Dataset items
+===+

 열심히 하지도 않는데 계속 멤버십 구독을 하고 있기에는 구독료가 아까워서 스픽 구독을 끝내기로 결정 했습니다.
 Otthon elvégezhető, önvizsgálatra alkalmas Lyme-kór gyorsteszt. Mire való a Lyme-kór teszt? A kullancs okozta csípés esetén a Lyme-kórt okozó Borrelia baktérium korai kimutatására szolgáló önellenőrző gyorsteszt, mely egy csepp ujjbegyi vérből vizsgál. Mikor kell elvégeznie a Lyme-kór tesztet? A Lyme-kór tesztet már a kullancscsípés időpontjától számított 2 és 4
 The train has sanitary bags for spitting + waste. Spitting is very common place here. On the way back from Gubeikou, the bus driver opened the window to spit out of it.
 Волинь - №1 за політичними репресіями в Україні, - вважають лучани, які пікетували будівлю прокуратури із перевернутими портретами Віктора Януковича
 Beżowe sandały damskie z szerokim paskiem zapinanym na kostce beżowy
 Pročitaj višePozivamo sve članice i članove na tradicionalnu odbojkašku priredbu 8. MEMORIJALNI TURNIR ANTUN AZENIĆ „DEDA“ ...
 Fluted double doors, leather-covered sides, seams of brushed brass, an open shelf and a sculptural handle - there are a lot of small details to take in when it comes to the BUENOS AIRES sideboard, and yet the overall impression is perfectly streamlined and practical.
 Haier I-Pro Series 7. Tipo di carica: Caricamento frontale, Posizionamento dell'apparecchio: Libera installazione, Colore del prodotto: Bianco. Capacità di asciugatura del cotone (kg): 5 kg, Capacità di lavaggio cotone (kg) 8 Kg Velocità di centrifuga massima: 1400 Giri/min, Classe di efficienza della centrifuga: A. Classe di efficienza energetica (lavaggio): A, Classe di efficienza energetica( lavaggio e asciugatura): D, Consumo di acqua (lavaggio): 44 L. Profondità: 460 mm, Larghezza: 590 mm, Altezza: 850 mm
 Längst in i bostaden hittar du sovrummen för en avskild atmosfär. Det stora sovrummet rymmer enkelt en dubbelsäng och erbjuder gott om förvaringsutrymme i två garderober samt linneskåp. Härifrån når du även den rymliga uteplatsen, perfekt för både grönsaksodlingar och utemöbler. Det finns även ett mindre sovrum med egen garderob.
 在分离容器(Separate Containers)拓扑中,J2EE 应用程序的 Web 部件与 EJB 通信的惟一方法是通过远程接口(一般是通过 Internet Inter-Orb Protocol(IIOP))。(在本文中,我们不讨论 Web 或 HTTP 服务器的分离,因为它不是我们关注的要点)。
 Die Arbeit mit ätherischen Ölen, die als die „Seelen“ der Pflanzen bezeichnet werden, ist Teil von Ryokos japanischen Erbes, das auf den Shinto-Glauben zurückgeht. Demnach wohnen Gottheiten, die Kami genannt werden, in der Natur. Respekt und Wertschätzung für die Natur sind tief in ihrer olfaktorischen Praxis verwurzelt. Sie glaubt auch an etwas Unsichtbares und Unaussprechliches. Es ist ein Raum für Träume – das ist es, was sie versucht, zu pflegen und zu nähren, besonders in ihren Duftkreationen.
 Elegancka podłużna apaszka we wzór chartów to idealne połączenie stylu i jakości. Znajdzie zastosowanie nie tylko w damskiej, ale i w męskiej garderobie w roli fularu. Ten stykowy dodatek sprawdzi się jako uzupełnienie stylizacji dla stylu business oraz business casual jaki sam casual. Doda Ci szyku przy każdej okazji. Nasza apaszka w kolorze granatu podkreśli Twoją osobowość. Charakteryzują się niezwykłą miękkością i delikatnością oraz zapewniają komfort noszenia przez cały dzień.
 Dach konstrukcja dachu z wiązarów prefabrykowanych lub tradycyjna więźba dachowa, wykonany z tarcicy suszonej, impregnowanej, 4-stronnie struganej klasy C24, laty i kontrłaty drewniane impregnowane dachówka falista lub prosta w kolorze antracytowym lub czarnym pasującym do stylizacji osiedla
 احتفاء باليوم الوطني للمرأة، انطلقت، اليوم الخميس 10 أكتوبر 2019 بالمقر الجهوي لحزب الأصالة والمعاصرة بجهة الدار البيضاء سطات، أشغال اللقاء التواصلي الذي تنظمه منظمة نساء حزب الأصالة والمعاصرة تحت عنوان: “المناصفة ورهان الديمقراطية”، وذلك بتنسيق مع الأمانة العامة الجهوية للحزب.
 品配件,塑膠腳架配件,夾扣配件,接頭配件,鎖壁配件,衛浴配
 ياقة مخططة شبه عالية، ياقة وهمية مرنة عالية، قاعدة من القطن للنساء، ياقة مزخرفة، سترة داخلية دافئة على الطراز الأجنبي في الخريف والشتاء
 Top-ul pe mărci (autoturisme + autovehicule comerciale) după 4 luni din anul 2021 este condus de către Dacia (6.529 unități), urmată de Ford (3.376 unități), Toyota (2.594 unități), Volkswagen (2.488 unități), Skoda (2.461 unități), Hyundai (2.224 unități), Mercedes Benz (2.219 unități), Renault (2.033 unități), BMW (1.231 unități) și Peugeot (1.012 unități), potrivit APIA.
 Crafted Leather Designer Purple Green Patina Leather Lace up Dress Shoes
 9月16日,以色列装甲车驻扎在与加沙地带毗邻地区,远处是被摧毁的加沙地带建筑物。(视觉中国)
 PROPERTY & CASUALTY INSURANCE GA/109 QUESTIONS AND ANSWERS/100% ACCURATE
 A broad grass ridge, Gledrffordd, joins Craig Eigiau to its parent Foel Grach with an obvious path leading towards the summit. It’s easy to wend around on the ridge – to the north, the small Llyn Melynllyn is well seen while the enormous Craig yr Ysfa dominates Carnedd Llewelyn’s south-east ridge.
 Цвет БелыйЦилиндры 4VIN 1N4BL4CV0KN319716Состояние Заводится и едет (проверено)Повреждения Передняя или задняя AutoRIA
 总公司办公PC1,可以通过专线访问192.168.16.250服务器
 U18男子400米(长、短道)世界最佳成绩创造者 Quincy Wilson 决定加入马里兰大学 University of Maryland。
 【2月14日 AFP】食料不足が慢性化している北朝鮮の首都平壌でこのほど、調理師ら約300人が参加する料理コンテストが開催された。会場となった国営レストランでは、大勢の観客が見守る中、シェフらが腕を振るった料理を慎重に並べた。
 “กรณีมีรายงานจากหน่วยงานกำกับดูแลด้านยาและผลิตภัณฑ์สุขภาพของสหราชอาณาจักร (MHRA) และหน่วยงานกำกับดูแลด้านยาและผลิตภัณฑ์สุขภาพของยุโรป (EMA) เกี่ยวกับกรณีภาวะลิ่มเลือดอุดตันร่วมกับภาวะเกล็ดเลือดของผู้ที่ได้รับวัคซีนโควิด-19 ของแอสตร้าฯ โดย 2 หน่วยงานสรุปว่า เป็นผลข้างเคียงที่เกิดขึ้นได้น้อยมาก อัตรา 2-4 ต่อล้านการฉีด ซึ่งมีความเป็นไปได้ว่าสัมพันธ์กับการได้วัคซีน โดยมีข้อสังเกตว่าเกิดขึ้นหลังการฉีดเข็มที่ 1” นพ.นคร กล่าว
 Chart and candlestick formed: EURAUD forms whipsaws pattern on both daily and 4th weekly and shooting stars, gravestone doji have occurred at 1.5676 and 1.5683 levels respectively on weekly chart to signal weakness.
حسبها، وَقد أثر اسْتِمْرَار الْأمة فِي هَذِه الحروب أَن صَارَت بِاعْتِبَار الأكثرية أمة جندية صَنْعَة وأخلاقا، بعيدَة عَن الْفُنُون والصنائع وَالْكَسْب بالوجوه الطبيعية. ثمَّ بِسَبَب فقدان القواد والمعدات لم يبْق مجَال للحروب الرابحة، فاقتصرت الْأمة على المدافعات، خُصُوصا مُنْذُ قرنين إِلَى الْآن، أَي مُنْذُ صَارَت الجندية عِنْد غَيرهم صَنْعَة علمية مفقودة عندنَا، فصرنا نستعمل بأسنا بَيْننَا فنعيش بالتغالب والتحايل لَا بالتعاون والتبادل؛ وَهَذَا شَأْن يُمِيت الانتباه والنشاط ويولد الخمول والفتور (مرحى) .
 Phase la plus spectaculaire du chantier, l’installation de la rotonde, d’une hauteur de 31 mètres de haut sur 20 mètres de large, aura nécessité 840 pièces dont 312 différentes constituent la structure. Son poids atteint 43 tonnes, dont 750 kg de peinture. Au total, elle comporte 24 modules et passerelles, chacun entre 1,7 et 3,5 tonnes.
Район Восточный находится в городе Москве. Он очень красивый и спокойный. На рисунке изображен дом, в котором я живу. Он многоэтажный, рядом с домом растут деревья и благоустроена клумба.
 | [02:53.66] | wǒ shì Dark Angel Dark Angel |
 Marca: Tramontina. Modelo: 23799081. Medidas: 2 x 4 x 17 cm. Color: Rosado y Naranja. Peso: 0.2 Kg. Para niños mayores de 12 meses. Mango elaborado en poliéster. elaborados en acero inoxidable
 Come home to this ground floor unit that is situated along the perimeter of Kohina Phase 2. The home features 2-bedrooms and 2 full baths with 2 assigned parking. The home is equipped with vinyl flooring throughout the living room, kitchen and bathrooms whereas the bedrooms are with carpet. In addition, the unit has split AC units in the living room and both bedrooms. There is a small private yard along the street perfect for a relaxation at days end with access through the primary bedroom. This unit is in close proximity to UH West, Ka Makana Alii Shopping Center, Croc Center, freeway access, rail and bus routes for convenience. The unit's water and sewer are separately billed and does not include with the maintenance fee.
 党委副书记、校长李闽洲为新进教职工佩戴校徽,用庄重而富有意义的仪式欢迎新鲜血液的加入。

+===+

**The task:**
Some of the data mentions "both". Copy every line where it does.

**Answer for the task:**
 Chart and candlestick formed: EURAUD forms whipsaws pattern on both daily and 4th weekly and shooting stars, gravestone doji have occurred at 1.5676 and 1.5683 levels respectively on weekly chart to signal weakness.
 Come home to this ground floor unit that is situated along the perimeter of Kohina Phase 2. The home features 2-bedrooms and 2 full baths with 2 assigned parking. The home is equipped with vinyl flooring throughout the living room, kitchen and bathrooms whereas the bedrooms are with carpet. In addition, the unit has split AC units in the living room and both bedrooms. There is a small private yard along the street perfect for a relaxation at days end with access through the primary bedroom. This unit is in close proximity to UH West, Ka Makana Alii Shopping Center, Croc Center, freeway access, rail and bus routes for convenience. The unit's water and sewer are separately billed and does not include with the maintenance fee.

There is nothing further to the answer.